Retype the listing found below exactly, but leave out each picture.

::: Given information

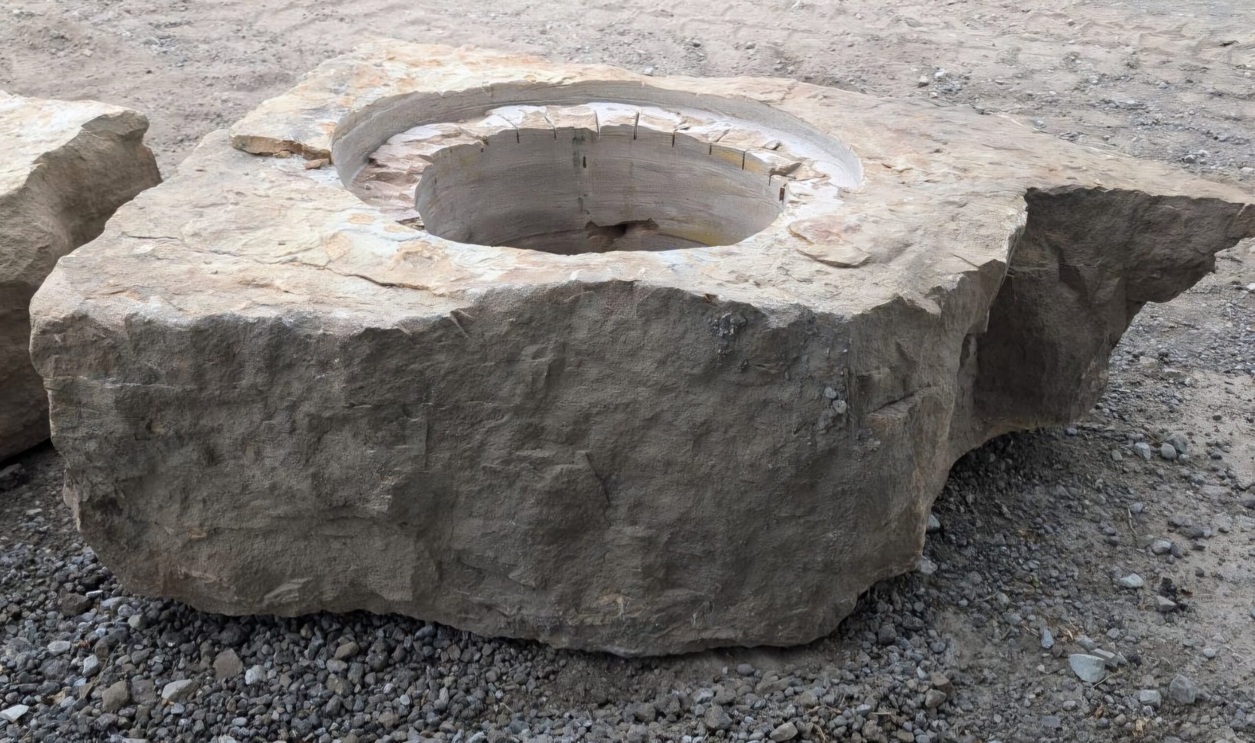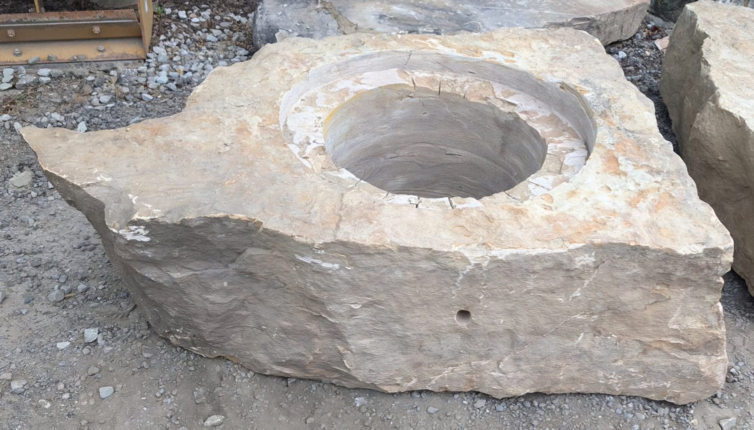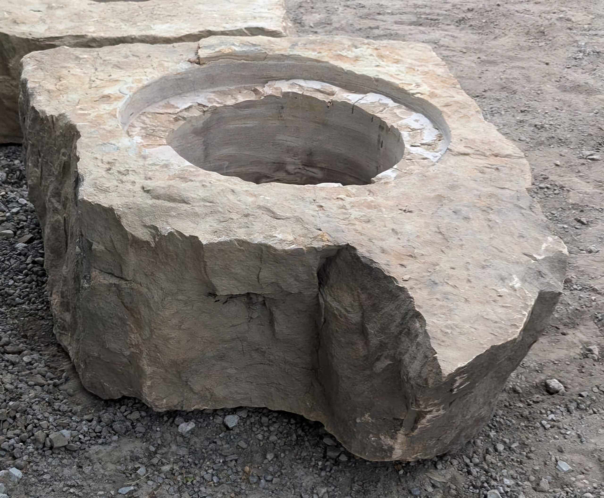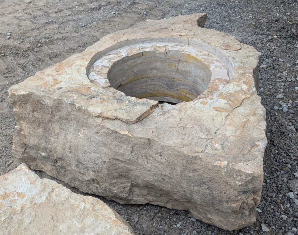 The “Cored Jumbo” Fireboulder is a one of a kind outdoor fire feature , built from a natural stone boulder and equipped with a fire burner. The “Cored Jumbo” Fireboulder possesses a 30″ cutout that is designed to accommodate a 22″ burner system. Dimensions/weights of these boulders are variable, but they typically weigh 2,000+ pounds.
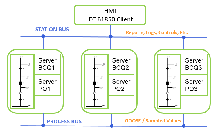 DTM is simulating the communications and Object Models of the Bay Controllers and protection IEDs. The simulation can be run on a single PC or distributed across multiple hosts to test the communication configuration of the substation with a real station bus and process bus. IED configurations are loaded from SCL files (.ICD or .SCD) including the Object Models, services, and communications. The HMI is a simulated IEC 61850 Client which subscribes to Control Blocks in the IEDs and issues controls to the IEDs.
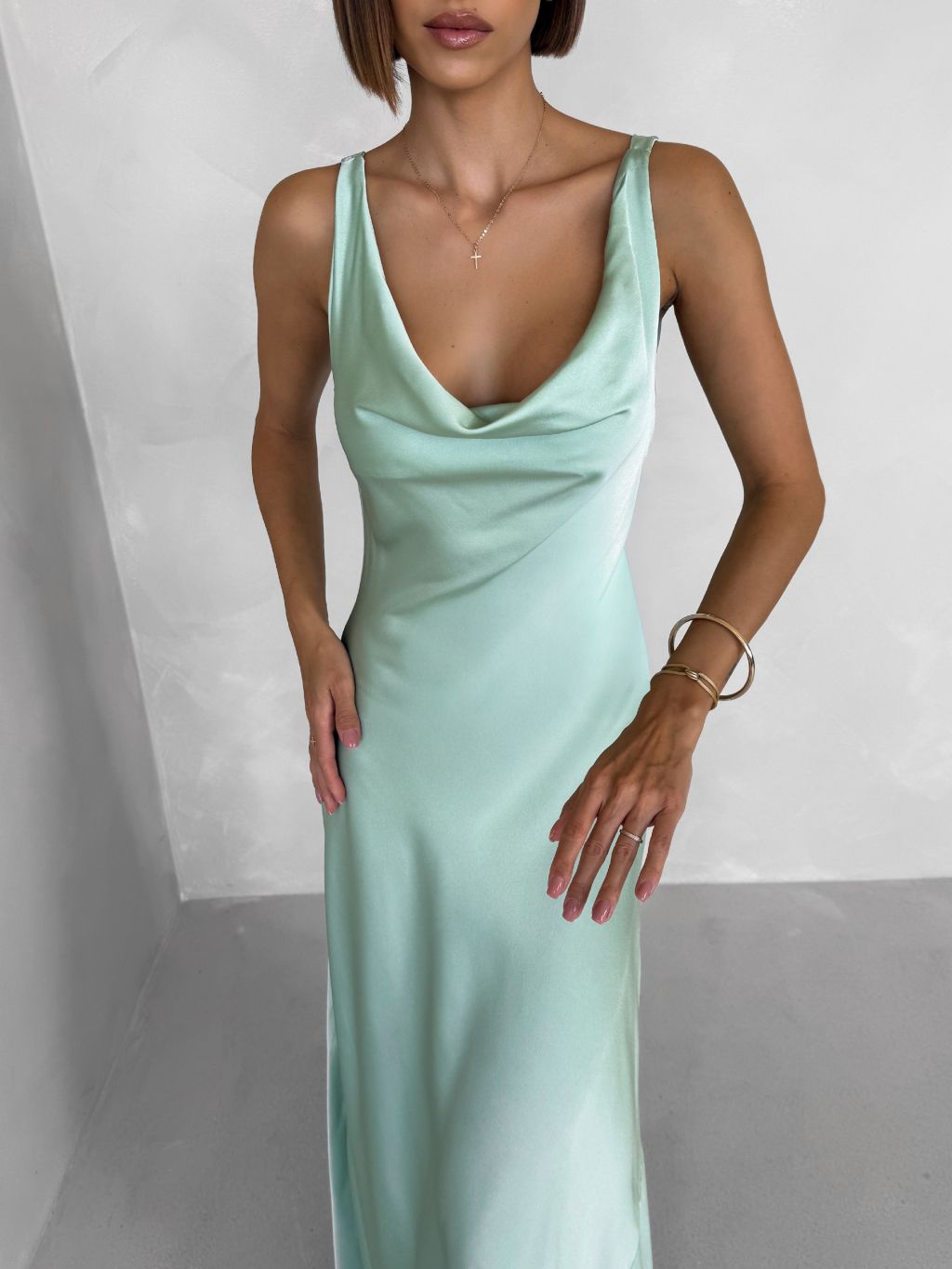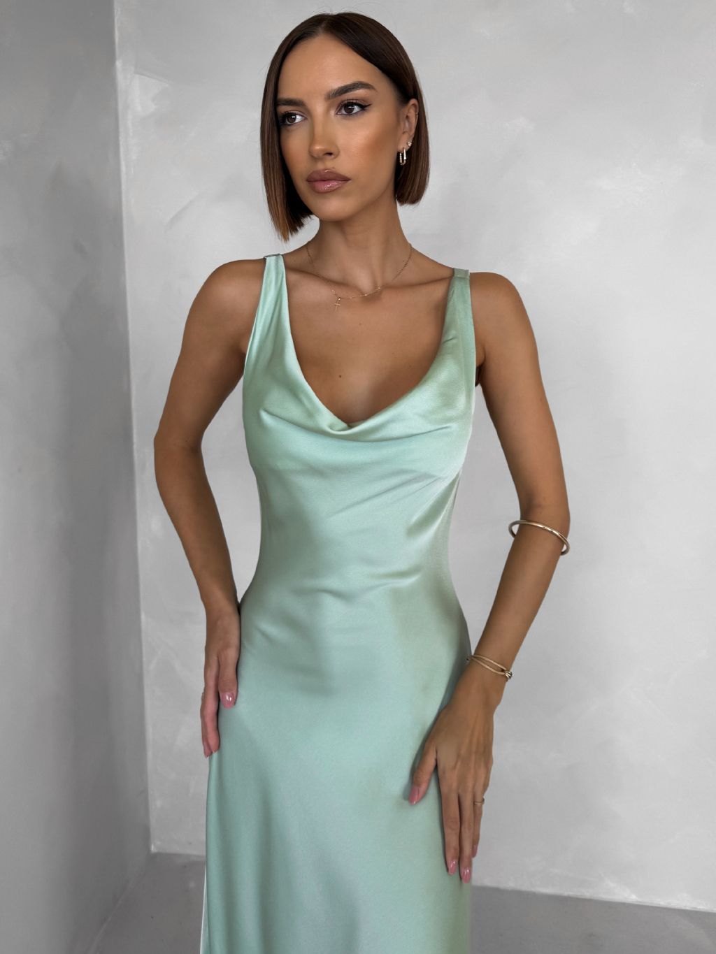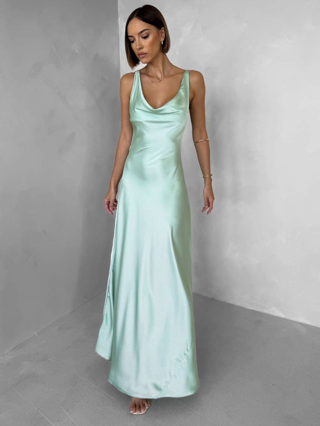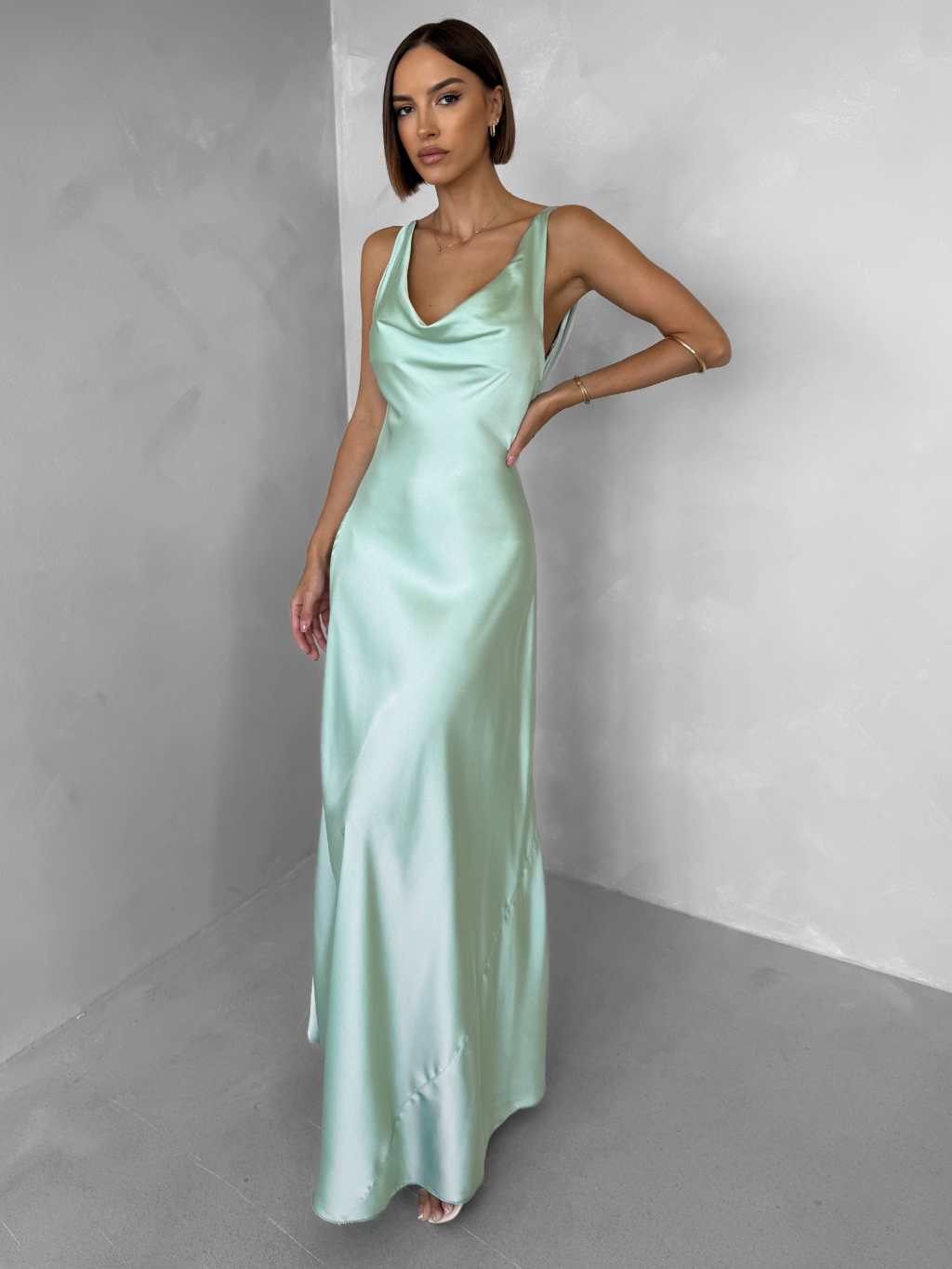 Svetlo zelené saténové dlhé šaty MIREVE s odhaleným chrbtom

::::::

● **Expected output**
 The “Cored Jumbo” Fireboulder is a one of a kind outdoor fire feature , built from a natural stone boulder and equipped with a fire burner. The “Cored Jumbo” Fireboulder possesses a 30″ cutout that is designed to accommodate a 22″ burner system. Dimensions/weights of these boulders are variable, but they typically weigh 2,000+ pounds.
 DTM is simulating the communications and Object Models of the Bay Controllers and protection IEDs. The simulation can be run on a single PC or distributed across multiple hosts to test the communication configuration of the substation with a real station bus and process bus. IED configurations are loaded from SCL files (.ICD or .SCD) including the Object Models, services, and communications. The HMI is a simulated IEC 61850 Client which subscribes to Control Blocks in the IEDs and issues controls to the IEDs.
 Svetlo zelené saténové dlhé šaty MIREVE s odhaleným chrbtom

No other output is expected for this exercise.